How do alkyl substituents donate electron density?

• Alkyl substituents donate electron density through:

  • The inductive effect (+I)

  • Hyperconjugation (both C–H and C–C types)

What is the combined effect of +I and hyperconjugation?

• The two effects work together

• They make alkyl-substituted benzenes more susceptible to electrophilic attack than benzene itself

Why is the product of a Friedel–Crafts alkylation more reactive than the starting material?

• The alkyl group added increases electron density in the ring via +I and hyperconjugation.
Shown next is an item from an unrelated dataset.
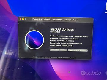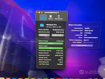 Vendo MacBook Pro Late 2016 con Touch Bar in ottimo stato, info su caratteristiche e batterie presenti nelle foto.
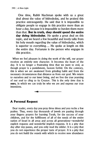 day doing hitbodedut. He spoke a great deal on this

• This makes the product more reactive toward further electrophilic substitution than benzene.

How does the bromination of phenol compare to that of benzene?

• Much quicker than benzene.

• This is because the OH group activates the ring toward electrophilic substitution.

Why does the bromination of phenol occur so easily?

• The OH group donates electrons to the ring through resonance and +I effects.

• This increases electron density at the ortho and para positions, making the ring more reactive.

Why is no catalyst needed for bromination of phenol?

• The phenol ring is already activated by the OH group, which makes it reactive enough to polarize Br₂ directly — so no FeBr₃ catalyst is required.

Why is the –OH group in phenol ortho-para directing?

• The –OH group donates electrons into the benzene ring through resonance, increasing electron density at the ortho (2,6) and para (4) positions.

What happens when phenol reacts with bromine under cold conditions (CS₂, <5 °C)?

Only one bromine atom substitutes at the para position to give 4-bromophenol in 85% yield.

What do the resonance structures under the reaction show?

They show delocalization of electron density from the oxygen atom into the ring, stabilizing the intermediate and highlighting why ortho and para positions are most reactive.

What happens if bromination of phenol continues?

: Multiple substitutions occur at positions 2, 4, and 6, forming 2,4,6-tribromophenol (TCP).